This parameter can be specified on a per-field basis with the syntax of f.<fieldname>.facet.missing.

The facet.method Parameter

The facet.method parameter selects the type of algorithm or method Solr should use when faceting a field.

Setting

Results

enum

Enumerates all terms in a field, calculating the set intersection of documents that match the term with documents that match the query. This method is recommended for faceting multi-valued fields that have only a few distinct values. The average number of values per document does not matter. For example, faceting on a field with U.S. States such as Alabama, Alaska, ... Wyoming would lead to fifty cached filters which would be used over and over again. The filterCache should be large enough to hold all the cached filters.

fc

Calculates facet counts by iterating over documents that match the query and summing the terms that appear in each document. This is currently implemented using an UnInvertedField cache if the field either is multi-valued or is tokenized (according to FieldType.isTokened()). Each document is looked up in the cache to see what terms/values it contains, and a tally is incremented for each value. This method is excellent for situations where the number of indexed values for the field is high, but the number of values per document is low. For multi-valued fields, a hybrid approach is used that uses term filters from the filterCache for terms that match many documents. The letters fc stand for field cache.

fcs

Per-segment field faceting for single-valued string fields. Enable with facet.method=fcs and control the number of threads used with the threads local parameter. This parameter allows faceting to be faster in the presence of rapid index changes.
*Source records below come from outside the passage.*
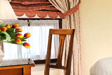 Double guest rooms. Here the wood-beamed ceiling, fine carpets, exquisite interior
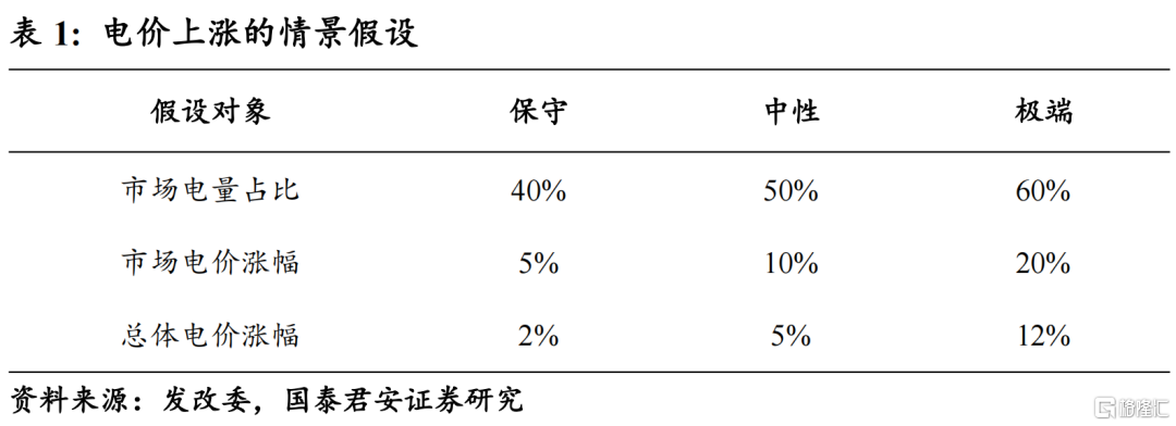 1)在能耗“双控”和电力保供背景下,发改委日前发布文件,要求电力上浮阀门打开,浮动范围扩大,市场化程度提升,同时保持居民、农业用电价格稳定。基于此,我们对下述两个关键指标分别设定三种情形:市场电量占比(40%;50%;60%)、市场电价涨幅(5%;10%;20%);
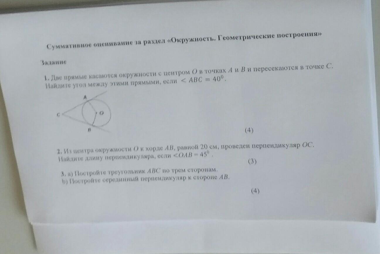 Две прямые касаются окружности с центром О в точках А и В и пересекаются в точке С. Найдите угол между этими прямыми, если угол АВС = 40 градусам. (+ рисунок на фото)
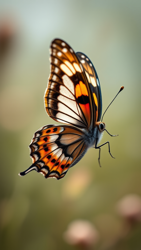 Captivating image of a butterfly caught mid-flight, showcasing an ultra-realistic and intricately detailed close-up, reminiscent of a National Geographic photograph. Wings displaying vivid patterns and colors, set against a softly blurred natural background, capturing the elegance and delicate beauty of the moment.
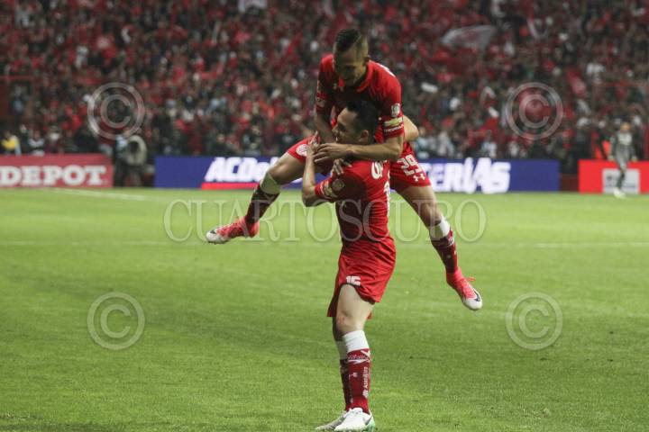 TOLUCA, ESTADO DE MÉXICO, 13MAYO2017.- Con un solitario gol de Antonio Rivas los Diablos Rojos del Toluca lograron pasar a las semifinales, en un partido sufrido ya que los Santos de Torreón lograron marcar tres tantos, sin embargo, en el global quedaron 5-4, a favor de los choriceros. FOTO: GALO CAÑAS /CUARTOSCURO.COM
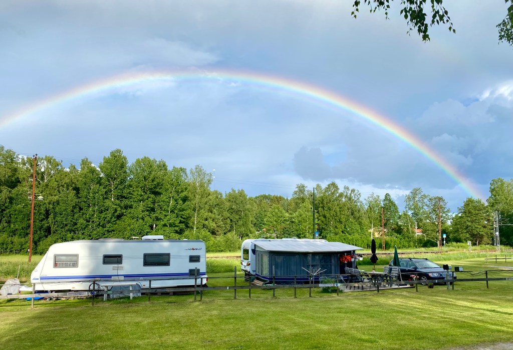 När det sluta ösa ned tittat det fram något konstigt på himlen. Regnbågar är vackra och denna var väldigt tydlig.
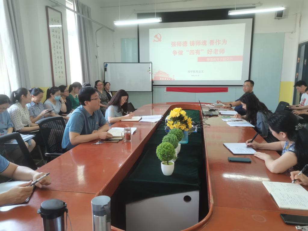 为深入学习贯彻习近平新时代中国特色社会主义思想和党的二十大精神,引导广大教师努力做有理想信念、有道德情操、有扎实学识、有仁爱之心的“四有”好老师,6月30日上午,beat365党总支举行了“强师德、铸师魂、善作为,争做‘四有’好老师”师德教育主题党日活动,beat365全体教师参加,活动由学院党总支书记胡红亮主持。
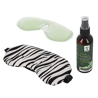 - CONTENTS: 1xAloe Vera Spray, 1xZebra Design Gel Based Eye Mask and 1xAloe Vera Gel Pack are contents of this set
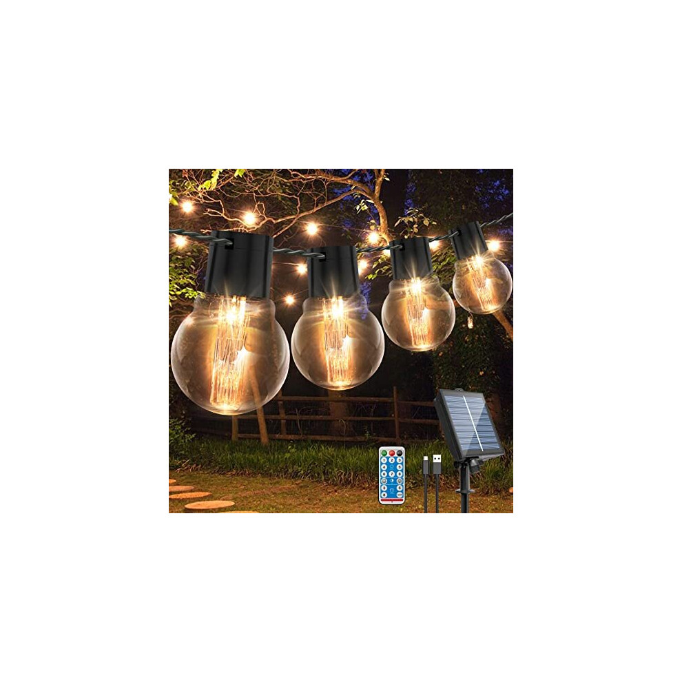Solar Festoon Lights Outdoor, 9M/29.5FT G50 20 Bulbs Solar String Lights Outdoor Garden, Remote Control, 8 Modes 4 Brightness, Outdoor Solar Lights

The default value is fc (except for fields using the BoolField field type) since it tends to use less memory and is faster when a field has many unique terms in the index.

This parameter can be specified on a per-field basis with the syntax of f.<fieldname>.facet.method.

The facet.enum.cache.minDf Parameter

This parameter indicates the minimum document frequency (the number of documents matching a term) for which the filterCache should be used when determining the constraint count for that term. This is only used with the facet.method=enum method of faceting.

A value greater than zero decreases the filterCache's memory usage, but increases the time required for the query to be processed. If you are faceting on a field with a very large number of terms, and you wish to decrease memory usage, try setting this parameter to a value between 25 and 50, and run a few tests. Then, optimize the parameter setting as necessary.

The default value is 0, causing the filterCache to be used for all terms in the field.

This parameter can be specified on a per-field basis with the syntax of f.<fieldname>.facet.enum.cache.minDF.

Over-Request Parameters

In some situations, the accuracy in selecting the "top" constraints returned for a facet in a distributed Solr query can be improved by "Over Requesting" the number of desired constraints (ie: facet.limit) from each of the individual Shards.  In these situations, each shard is by default asked for the top "10 + (1.5 * facet.limit)" constraints.

In some situations, depending on how your docs are partitioned across your shards, and what facet.limit value you used, you may find it advantageous to increase or decrease the amount of over-requesting Solr does.  This can be achieved by setting the facet.overrequest.count (defaults to 10) and facet.overrequest.ratio (defaults to 1.5) parameters.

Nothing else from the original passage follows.